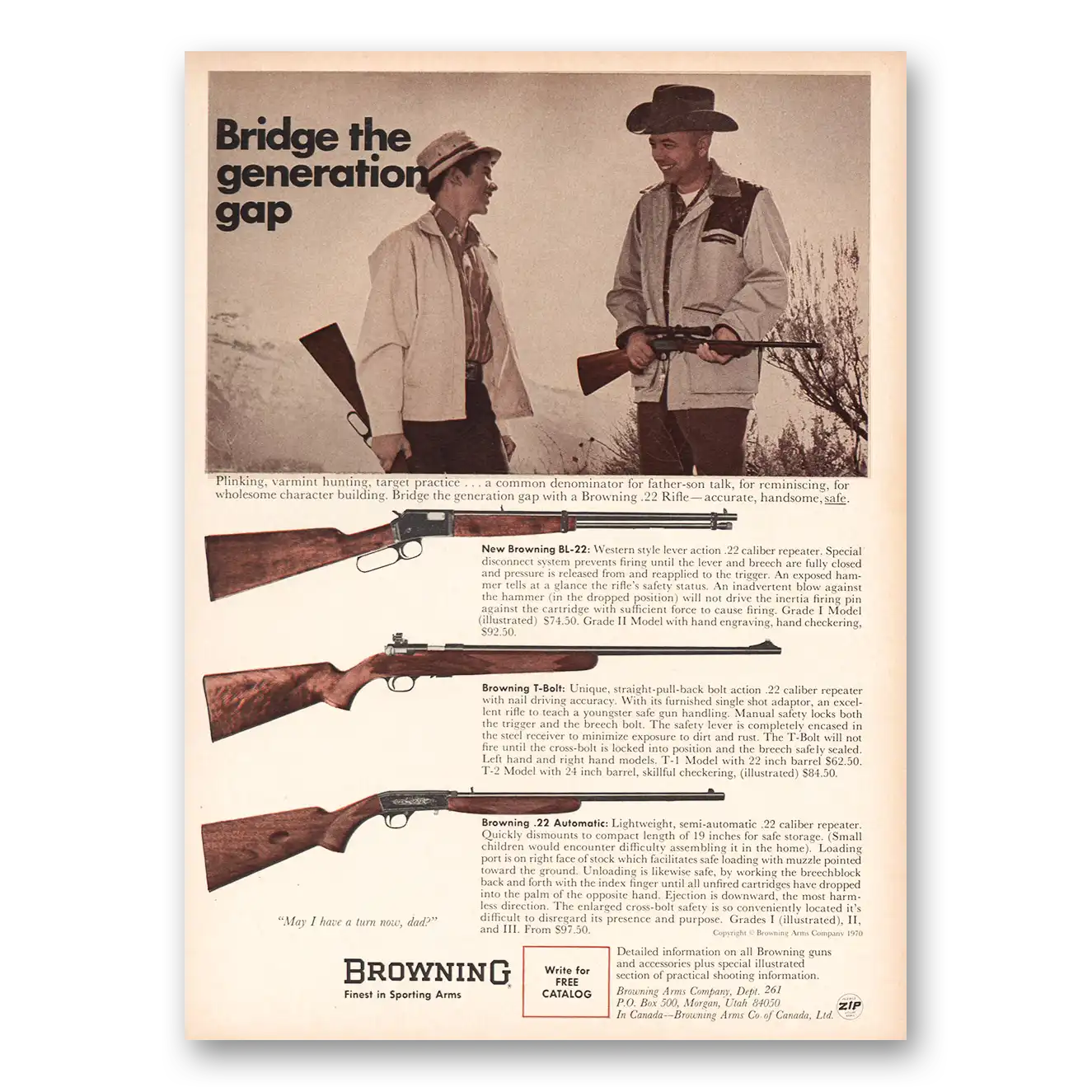 1970 Browning Arms Print Ad | Generation Gap
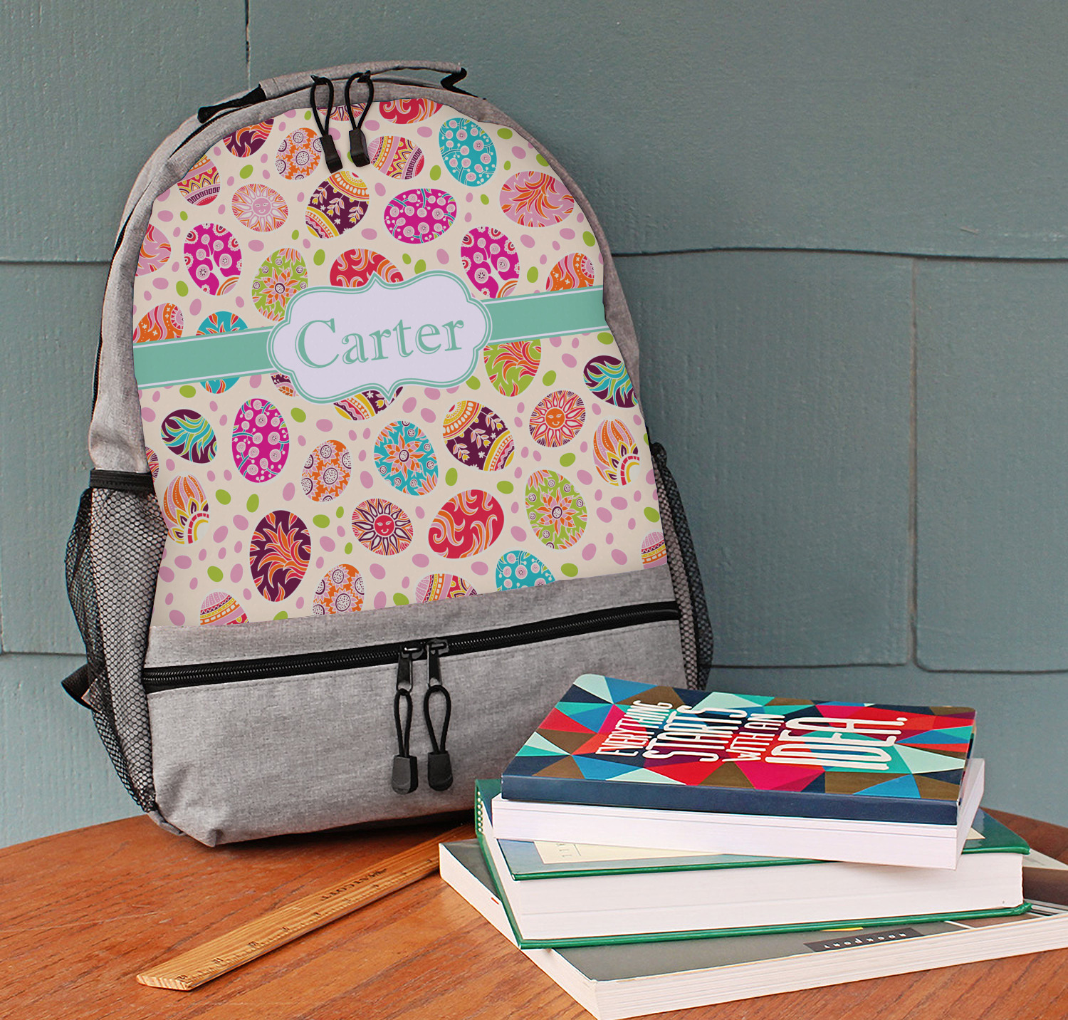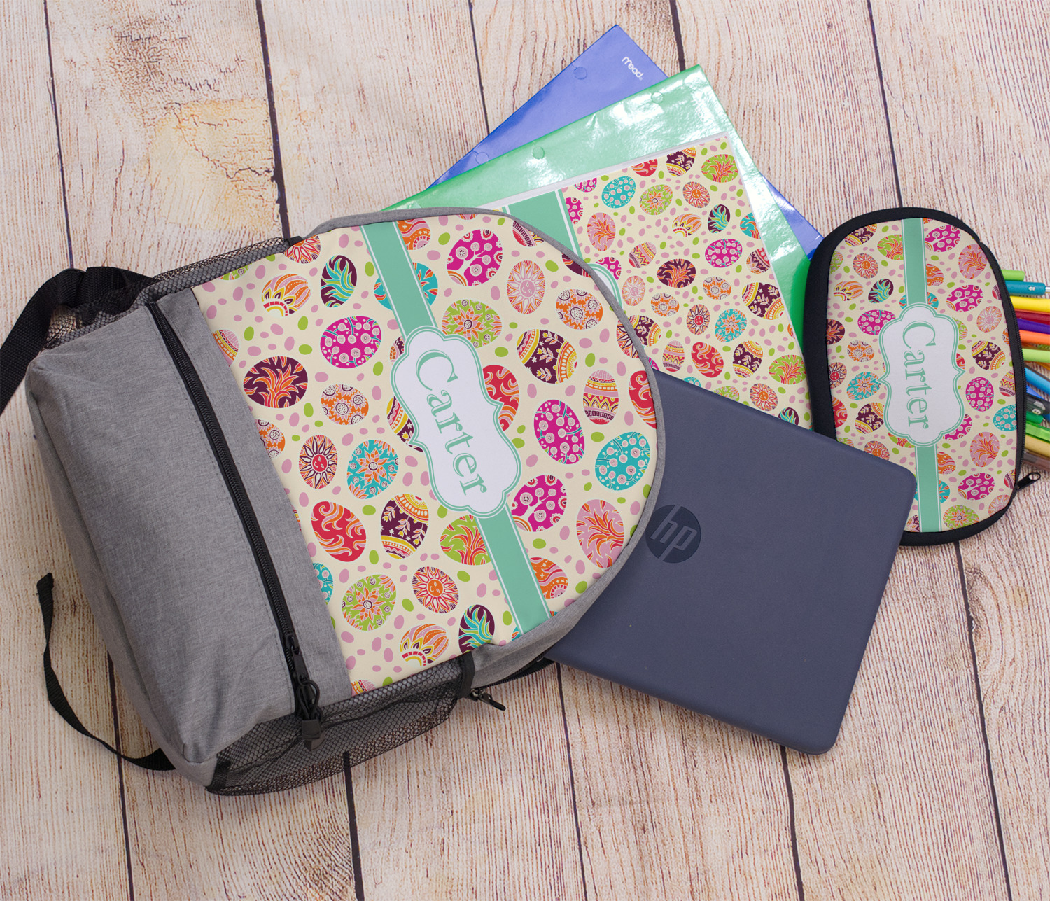 Celebrate Easter with this graphic and whimsical design! Featured in the design are multicolored, patterned Easter eggs and pink and green jelly beans on a cream background.
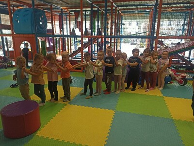Z okazji Dnia Przedszkolaka grupa 4-latków wyjechała na wycieczkę do Przedborza, aby spędzić aktywnie dzień korzystając z urządzeń, sprzętów i zabawek znajdujących się w sali zabaw „Figloraj”. Możliwość świętowania w tak kolorowym i atrakcyjnym dla dzieci miejscu była powodem ich ogromnej radości. Pobyt tam był okazją do wzajemnej integracji, rozwijania sprawności motorycznych dzieci. Uczył także współpracy i współdziałania oraz wzajemnej troski o swoje bezpieczeństwo i pozostałych uczestników zabawy.
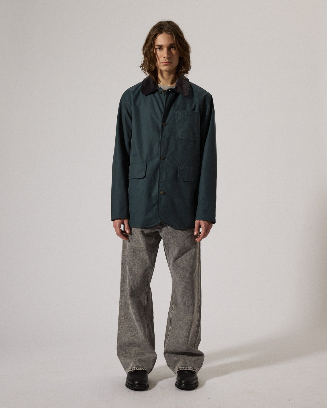 James is a mid-length jacket in a loose fit and dropped shoulders made from a durable high quality organic cotton treated with a water resistant wax finish in Dundee, Scotland. Features a regular collar in corduroy, jean button closure, two front patch pockets and a chest pocket. Manufactured in the city of Birmingham, UK. For a long lasting garment, periodically rewax the shell fabric.
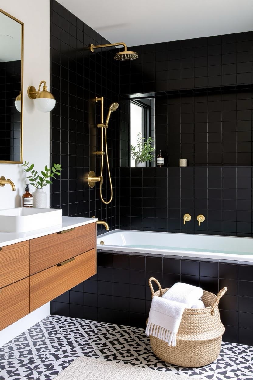 Nothing says modern quite like matte black tiles. Whether used on floors or accent walls, they bring drama and sophistication. Pair with gold or brass fixtures for a bold, contemporary touch.
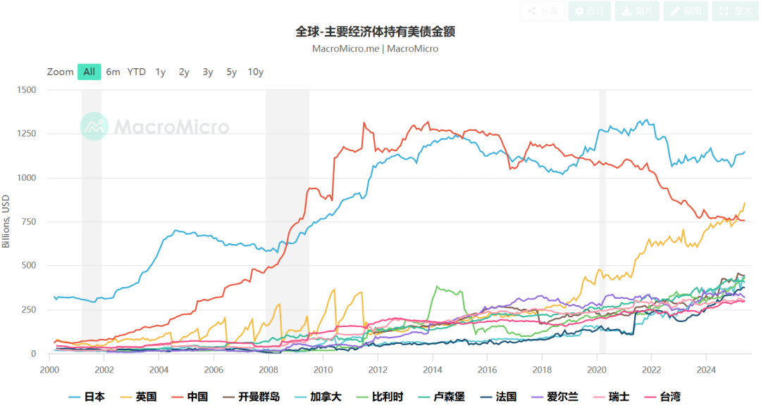 截至 2024年底,外国投资者持有美国国债规模已达 8.7 万亿美元(数据来源:美国财政部国际资本流动报告);
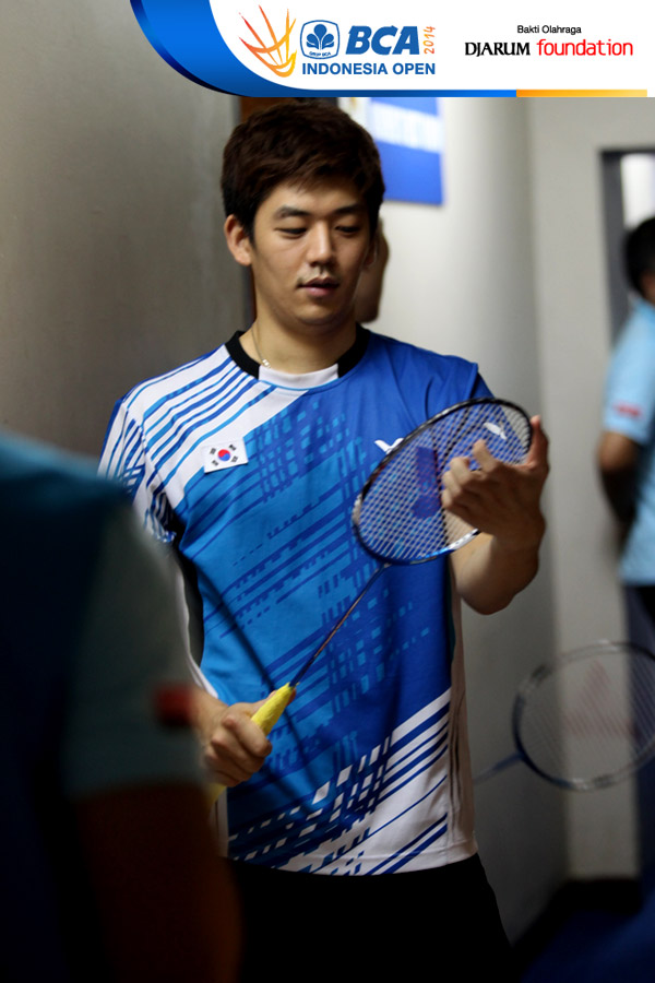 Lee Yong Dae (Korea) sedang memeriksa raket untuk bertanding
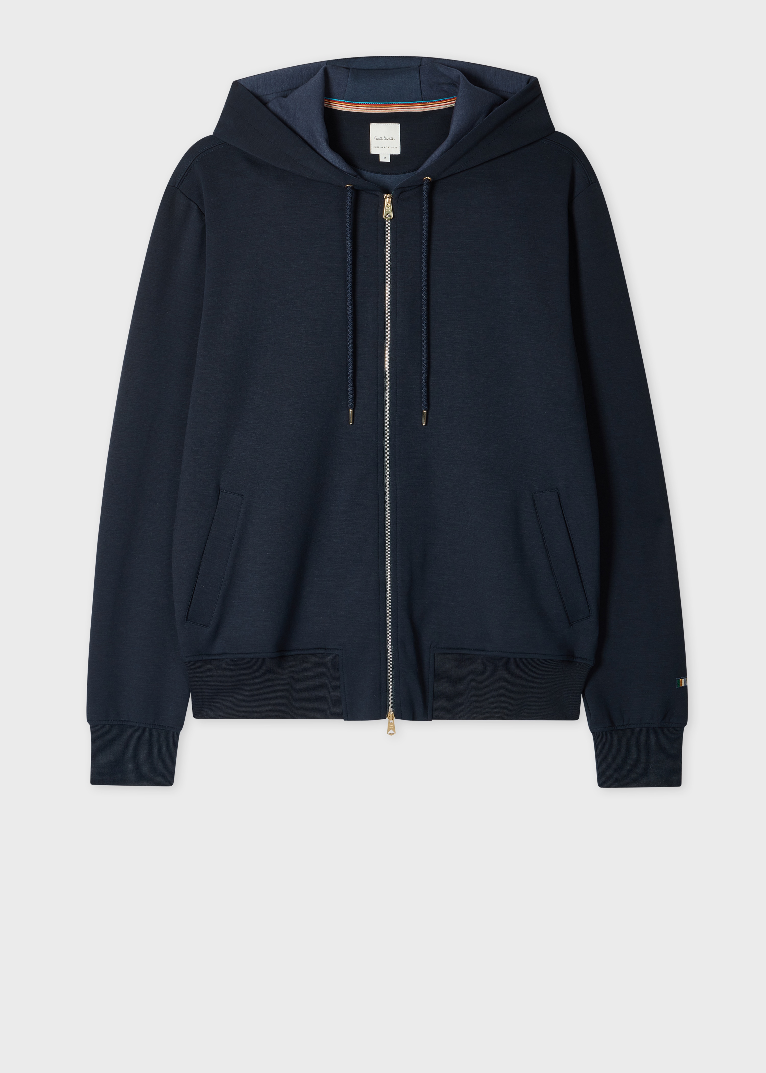 Made from a soft-finish lyocell and cotton-blend with stretch for added comfort, this navy hoodie features a classic zip-front design. Ideal for everyday wear, this hoodie is finished with two front welt pockets and an embroidered 'Signature Stripe' motif on the sleeve. The Fit - Regular-Fit is relaxed through the body. Product Code: M1R-611Z-TP4724-47
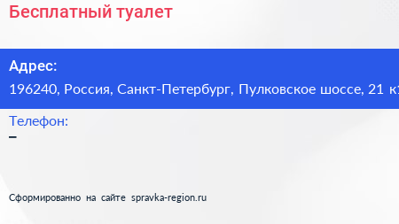 Бесплатный туалет по адресу 196240, Россия, Санкт-Петербург, Пулковское шоссе, 21 к1 в дальнейшем Организация, размещена в следующих категориях:
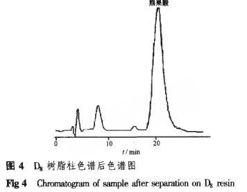 由圖3可知,洗脫劑pH對洗脫能力有顯著的影響u[10]。隨著洗脫劑堿性的增強,洗脫能力逐漸增強,當(dāng)洗脫劑pH≥11時,洗脫能力達(dá)到最大值。因此,選擇洗脫劑pH=11為宜。這是因為,通過改變洗脫劑pH值,使熊果酸以離子型存在,很容易被洗脫下來,從而提高了洗脫率。當(dāng)洗脫劑pH≥11時,熊果酸的回收率可達(dá)gr7.82%,純度可達(dá)95.0%。 “2.4”項下色譜條件下,對D8樹脂吸附后的產(chǎn)品進(jìn)行分析,結(jié)果見圖4?梢姡珼8樹脂可以有效地純化熊果酸。采用XAD-2樹脂進(jìn)一步進(jìn)行純化可以獲得更高純度的產(chǎn)品。
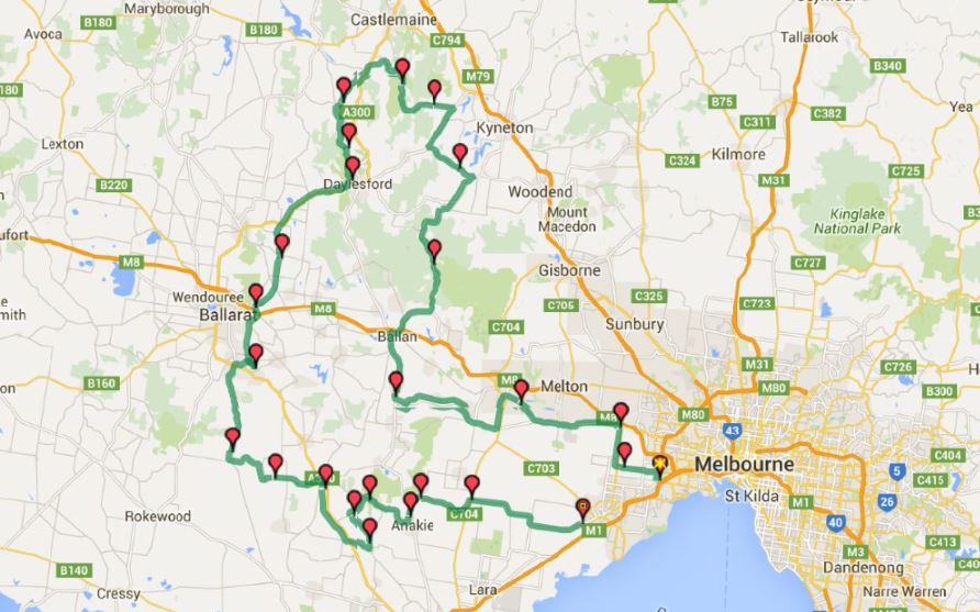 Someone’s creativity showing as part of their elaborate mail box at Brisbane Ranges National Park. And finally swinging east past Werribee and through Melbourne city (in the distance). I was dropped off after another wonderful (but cold) day, exploring new places and doing it in style!
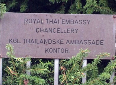 当学员来到泰国使馆后,接待人员表现的十分紧张。学员向她提出想与大使先生谈一谈的愿望,并给她一份信的复印件和其它资料后。该工作人员走到楼上。只听到楼上许多人紧张、激烈的讨论、商量声。许久,该工作人员走下楼来,说道:领事会把信转到国内去。在学员一再解释下,她才勉强收下学员给大使的信及有关资料。而从头至尾,未见大使踪影,也未见那位领事的身影。
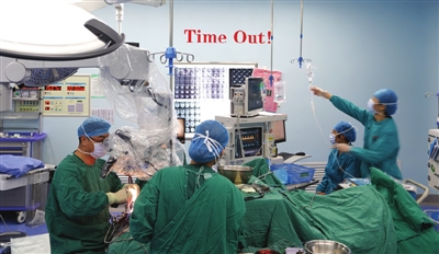 “患者来门诊就诊时,在其所出示的颅脑MRI上提示:患者脑部鞍区占位性病变,肿瘤已侵袭双侧颈内动脉、三脑室、侧脑室,脑室系统已轻度放大了。”咸宁市中心医院神经外科主任医师赵卫海告诉记者,接诊后,他立即为周先生完善了相关检查,最终以“鞍区肿物”将其收治入院。并立即将这一紧急情况向院长郭东生进行了汇报。
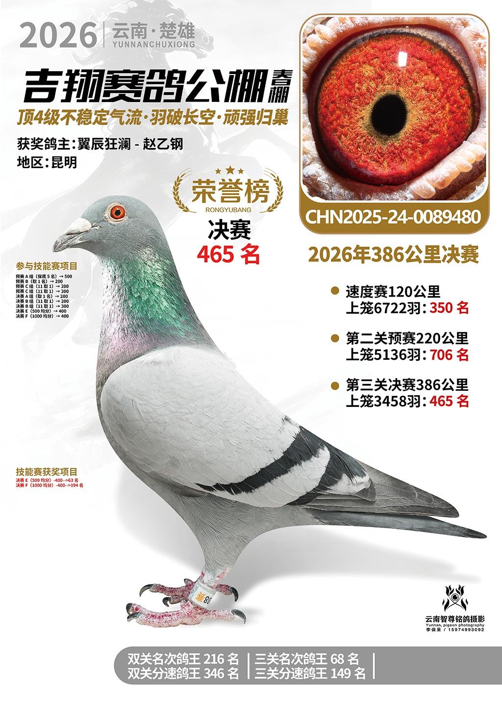 楚雄吉翔公棚(春棚)2026年386公里决赛获奖鸽欣赏

(WORK TO COMPLETE) Nothing but the lines from the start of the records through the line holding "James is a mid-length" should be printed, exactly as written and with the pictures left out.

(RESULT FOR THIS EXERCISE)
 1970 Browning Arms Print Ad | Generation Gap
 Celebrate Easter with this graphic and whimsical design! Featured in the design are multicolored, patterned Easter eggs and pink and green jelly beans on a cream background.
Z okazji Dnia Przedszkolaka grupa 4-latków wyjechała na wycieczkę do Przedborza, aby spędzić aktywnie dzień korzystając z urządzeń, sprzętów i zabawek znajdujących się w sali zabaw „Figloraj”. Możliwość świętowania w tak kolorowym i atrakcyjnym dla dzieci miejscu była powodem ich ogromnej radości. Pobyt tam był okazją do wzajemnej integracji, rozwijania sprawności motorycznych dzieci. Uczył także współpracy i współdziałania oraz wzajemnej troski o swoje bezpieczeństwo i pozostałych uczestników zabawy.
 James is a mid-length jacket in a loose fit and dropped shoulders made from a durable high quality organic cotton treated with a water resistant wax finish in Dundee, Scotland. Features a regular collar in corduroy, jean button closure, two front patch pockets and a chest pocket. Manufactured in the city of Birmingham, UK. For a long lasting garment, periodically rewax the shell fabric.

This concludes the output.